What is required>
With the pictures left out, please return exactly the line holding "本文關于姑蘇城外寒山寺夜半鐘聲到客船的簡介就講解完畢,希望對大家有所幫助。" and each following line until the entries end.

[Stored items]

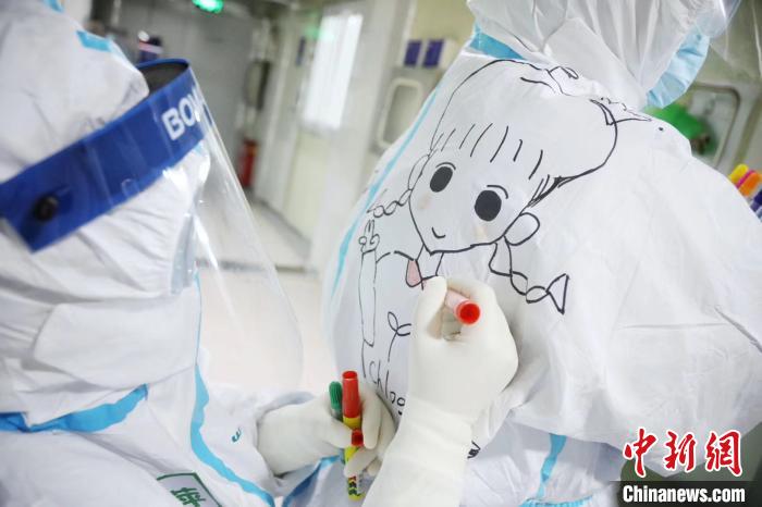 “大白”上的创作。 仁济医院供图 葛医生透露,穿着防护服也有很多欢乐,“特别是五短身材的人心中更是暗自窃喜:饶你花容月貌、魔鬼身材,套上“大白”也立刻和尔等一样变成‘土肥圆’。”葛恒幽默地说,“如果加上个3级防护,就算维密超模也瞬间变成米其林轮胎的模样。” 据介绍,呼吸道疾病的感染防护分为三级:1级适用于一般呼吸道或发热门诊的医护人员:在工作服外穿手术隔离衣,戴一次性医用帽、外科口罩和手套;2级防护适用于直接面对患者,但不进行侵入性操作的医护人员:穿手术衣,外套俗称“大白”的连体式医用防护服,佩戴医用级N95口罩、护目镜及面屏,可以有效阻隔飞沫对呼吸道和眼部粘膜的直接侵袭。
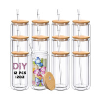 أكواب زجاجية بالجملة مع أغطية وقشات بشعار مخصص 12 أونصة 16 أونصة 20 أونصة مشروب قهوة صودا شفاف مزدوج الجدار
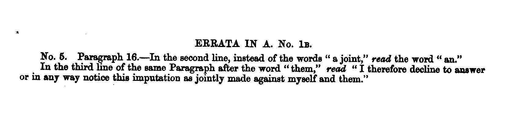 No. 5. Paragraph 16. —In the second line, instead of the words " a joint," read the word " an." In the third line of the same Paragraph after the word " them," read " I therefore decline to answer or in any way notice this imputation as jointly made against myself and them."
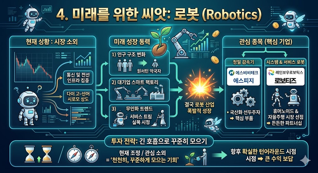 현재 증시 수급이 통신과 전선 인프라 쪽에 집중되며 로봇 섹터는 다소 소외되어 있습니다. 하지만 인구 구조 변화와 대기업들의 스마트 팩토리, 무인화 트렌드는 결국 로봇 산업의 폭발적인 성장으로 귀결됩니다.
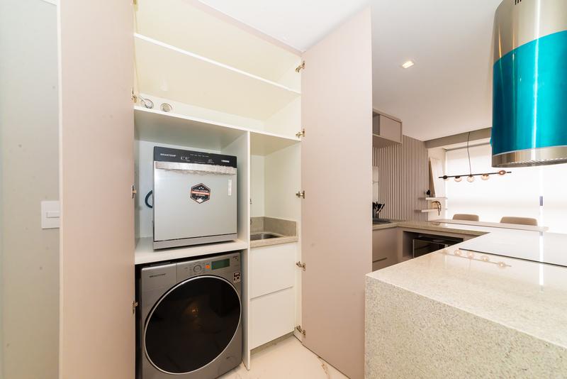 Cozinha completa, equipada com móveis planejados, máquina de lavar louça, fogão elétrico e lava e seca.
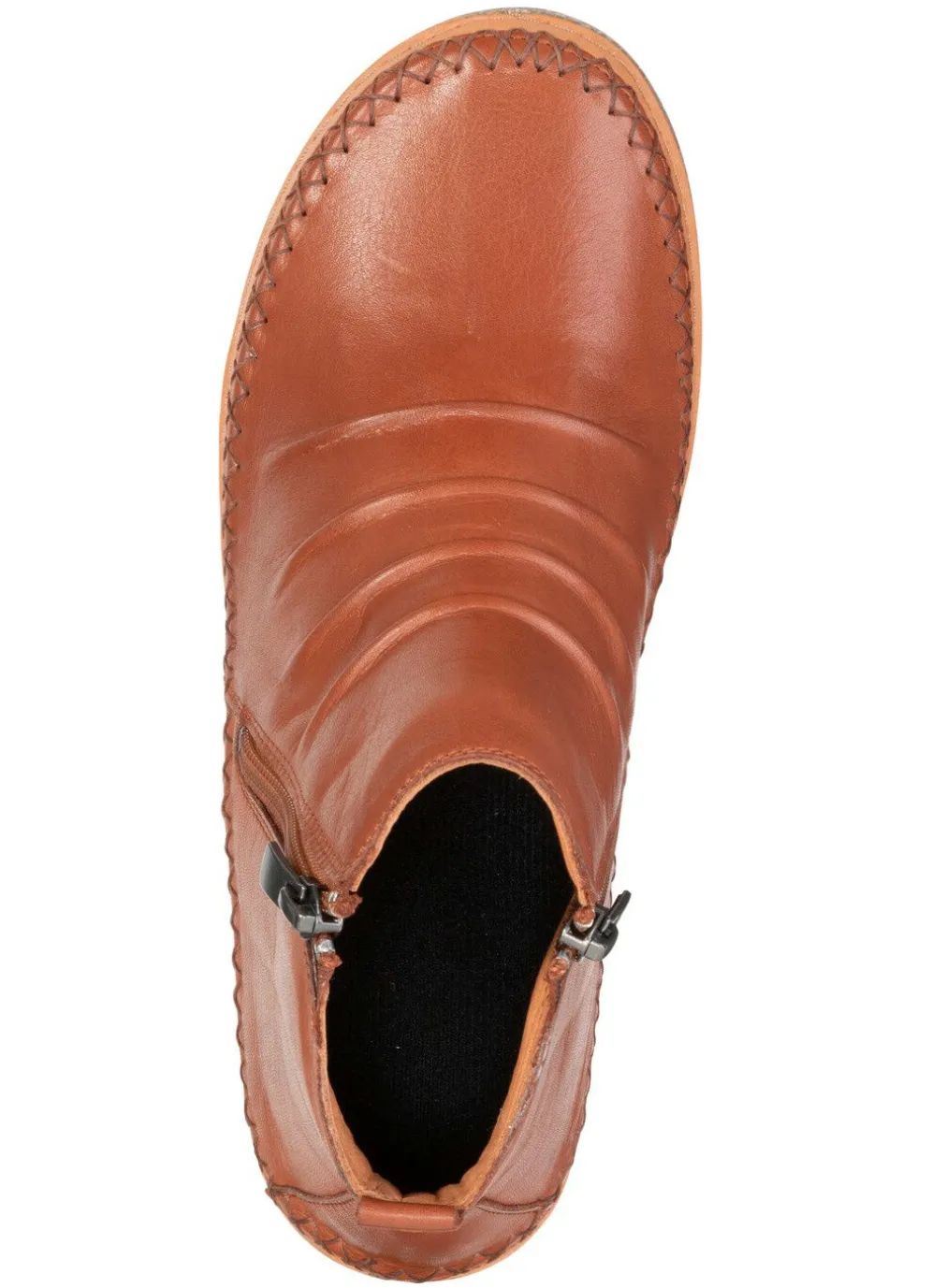 Boots aus Rind-Nappaleder, mit flotter Raffung: zwei Seitenreißverschlüsse, Textilfutter, herausnehmbares Fußbett, superleichte TR-Laufsohle sowie 15 mm Keilabsatz. Schafthöhe ca. 9 cm
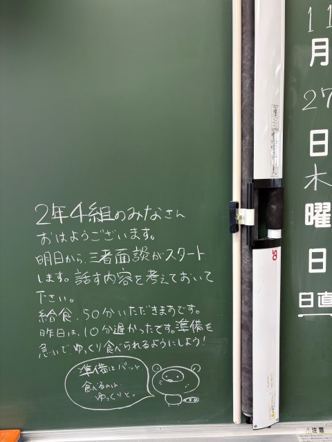 11月27日(木)学年主任や学級担任の先生からのメッセージ
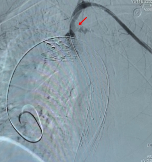 面对如此严峻的情况,赵扬程及介入团队迅速将球囊通过右侧股动脉输送至左侧锁骨下动脉,并根据CT图像经验性封堵破口。在破口封堵以及各种抢救措施的共同作用下,患者终于恢复了自主心率及血压。由于患者左锁骨下动脉破口距离主动脉太近,单纯应用覆膜支架覆盖破口,有手术失败的风险。赵扬程团队决定,再穿刺左侧股动脉,为患者植入胸主动脉覆膜支架以覆盖左锁骨下动脉开口,并穿刺左侧肱动脉进行左锁骨下动脉根部栓塞。经过这一系列复杂精准的操作,患者的生命体征逐渐平稳。
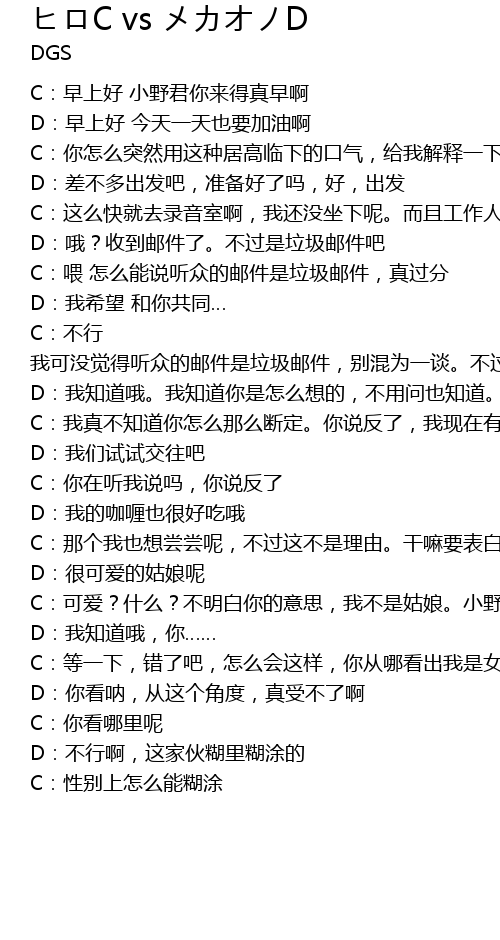| C:可爱?什么?不明白你的意思,我不是姑娘。小野君你一直以为我是女的吗 | |
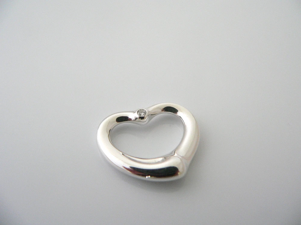 Overview: Offered for sale is a wonderful Tiffany classic. Whether you are just starting your Tiffany collection or are thinking of adding another piece, this one is perfect for you. This very cool and super rare Tiffany & Co. Silver Peretti Diamond Open Heart Charm is a Tiffany classic that will never go out of style. The piece makes a "Tiffany" statement in its own subtle/simple way. Just attach the charm to an existing necklace / charm bracelet / key ring and voila! Instant Tiffany style! It will most certainly be a piece that you will turn to over and over again, making it great value for your money. It is a wonderful charm that fits a lifestyle on the go -- the piece can be worn to almost any occasion! It is simple, elegant, and classic all rolled into one. Imagine the piece with your professional office attire ... Now imagine it with jeans or weekend wear ... Very cool in every way! The item is very comfortable to wear, and is in excellent condition. As always, the item is fully hallmarked and guaranteed to be 100% authentic. Wonderful present for yourself or anyone you love! Will surely delight! Particulars: The Heart charm is approx. 0.9 inches at its widest ends. Metal & Hallmarks: Tiffany & Co. / Peretti / 925 / Spain Solid 925 sterling silver and a super Sparkly Diamond Please check out my other unique and interesting Tiffany items on sale. Note to International buyers: Now shipping to selected countries outside the US. Please let me know if you are interested in one of my items.
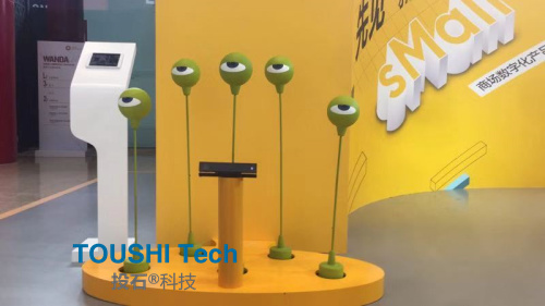 眼球控制:“看得見”的高科技。這個(gè)互動(dòng)裝置每5個(gè)一組,每個(gè)高度不同,利用Kinect技術(shù),眼球操控設(shè)備。你走哪它看哪,一雙雙眼睛無時(shí)無刻不盯著你的一舉一動(dòng)。 物體識(shí)別觸摸桌
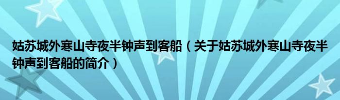 本文關于姑蘇城外寒山寺夜半鐘聲到客船的簡介就講解完畢,希望對大家有所幫助。
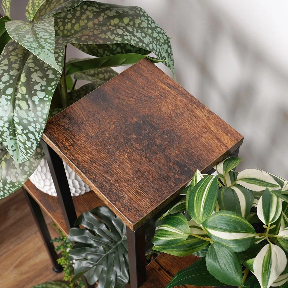 Robustný kovový rám v čiernej farbe a kvalitné MDF dosky v tmavom drevodekore tvoria odolnú a stabilnú konštrukciu. Stojan je vhodný pre živé aj umelé rastliny, hodí sa do moderných aj industriálnych interiérov a vďaka jednoduchej údržbe bude vždy vyzerať skvelo.

Task output>
 本文關于姑蘇城外寒山寺夜半鐘聲到客船的簡介就講解完畢,希望對大家有所幫助。
 Robustný kovový rám v čiernej farbe a kvalitné MDF dosky v tmavom drevodekore tvoria odolnú a stabilnú konštrukciu. Stojan je vhodný pre živé aj umelé rastliny, hodí sa do moderných aj industriálnych interiérov a vďaka jednoduchej údržbe bude vždy vyzerať skvelo.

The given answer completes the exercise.